Computer Graphics
Triangle Rasterization
1996. id Software releases Quake. For the first time in gaming history: a fully 3D world, perspective-correct texture mapping, real polygonal models instead of sprites. Michael Abrash and John Carmack wrote a software rasterizer fast enough to push 320x200 pixels at 30fps on a 486. Every triangle: barycentric coordinates, z-buffer, texture lookup - thousands of times per second. A modern GPU does this for 100 million triangles in 16 milliseconds. The algorithm is identical - just in silicon.
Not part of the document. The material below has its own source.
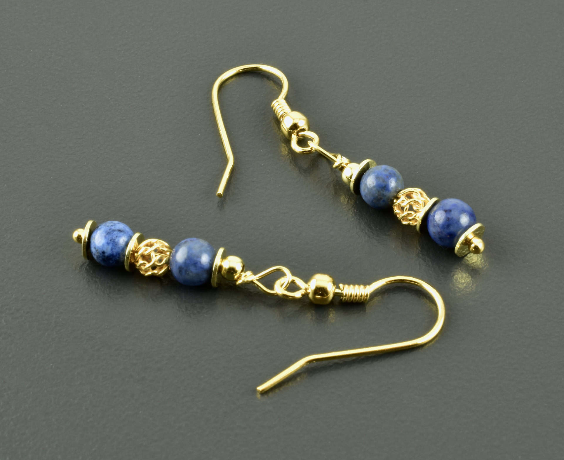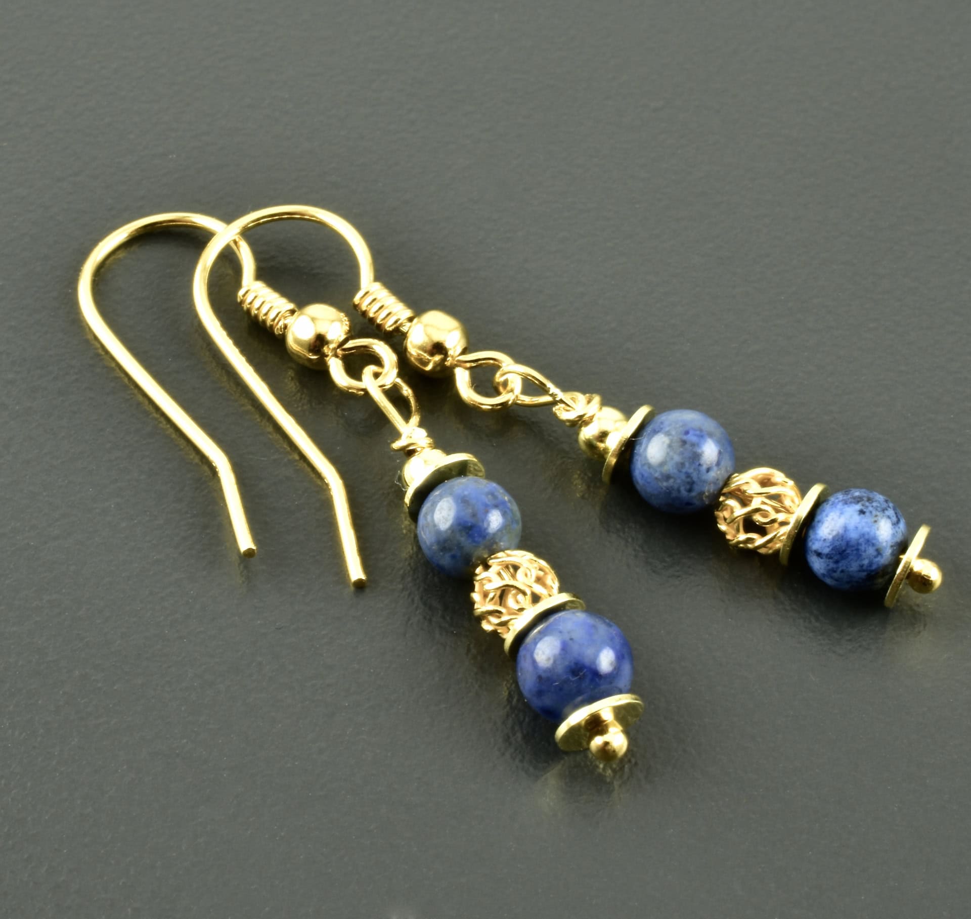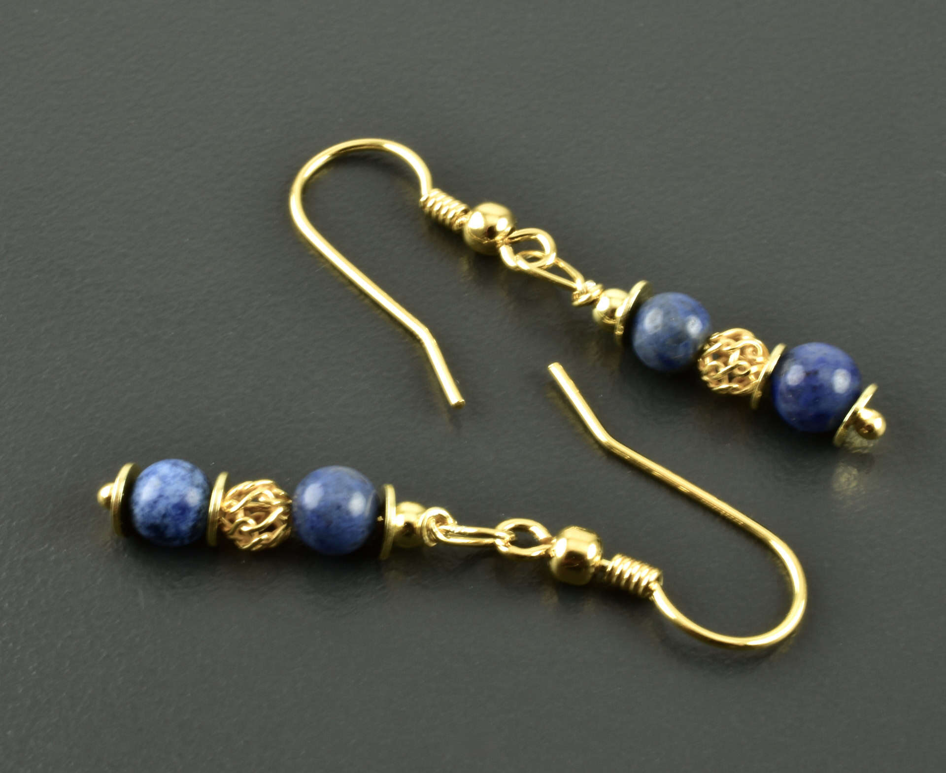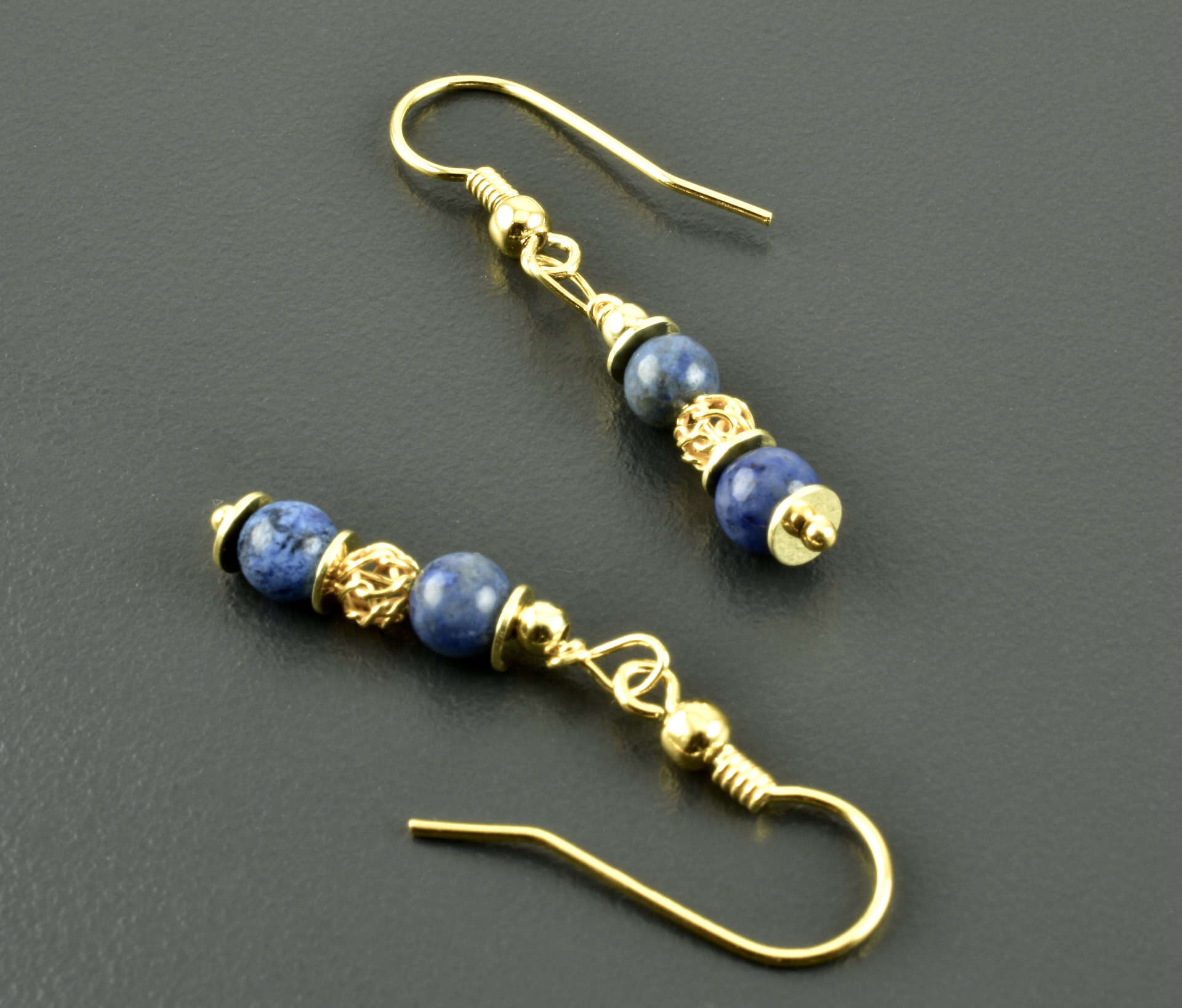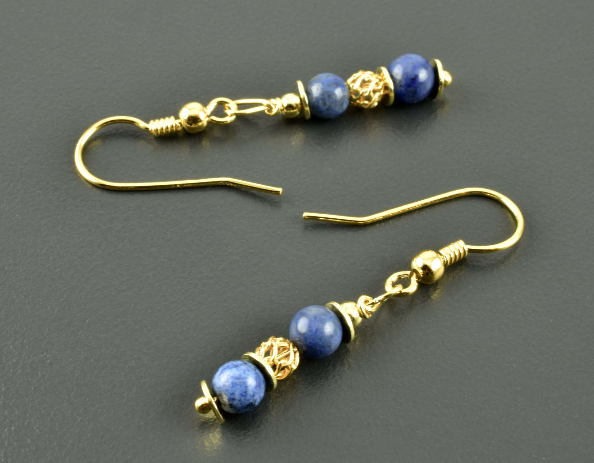 Zauberhafte Hängeohrringe aus Dumortieritkugeln und vergoldetem 925er Silber. Die Kugeln sind 4 mm groß und haben einen schönen Blauton, der schwarze Einsprengsel hat. Die Faben der Edelsteine werden durch die vergoldeten Silberelemente noch hervorgehoben. Mittig ist eine luftig-leichte Webkugel, zusätzlich wurden flache Scheiben eingefügt.

- **Unreal Engine 5**: Nanite virtual geometry renders scenes with trillions of polygons through hierarchical GPU rasterization
- **Three.js/WebGL**: every browser 3D project uses these exact algorithms through the GPU pipeline in fragment shaders
- **NVIDIA OptiX**: hybrid rendering - rasterization for primary visibility, ray tracing for shadows and reflections
Historical context
In 1974, Ed Catmull - future president of Pixar - completed his PhD dissertation at the University of Utah describing the z-buffer algorithm. At the time it was purely academic: an SGI workstation cost $50,000. Concurrently, Henri Gouraud developed smooth shading (1971) and Bui Tuong Phong developed specular shading (1973) at the same institution. The University of Utah in the 1970s was the global center of computer graphics research - Jim Clark (Silicon Graphics founder) and Alan Kay (Smalltalk) both studied there. The SGI Reality Engine (1993) made z-buffering a hardware feature. The GeForce 256 (1999) put hardware T&L on consumer cards; the GeForce 3 (2001) added programmable vertex and pixel shaders. Catmull received the Turing Award in 2019.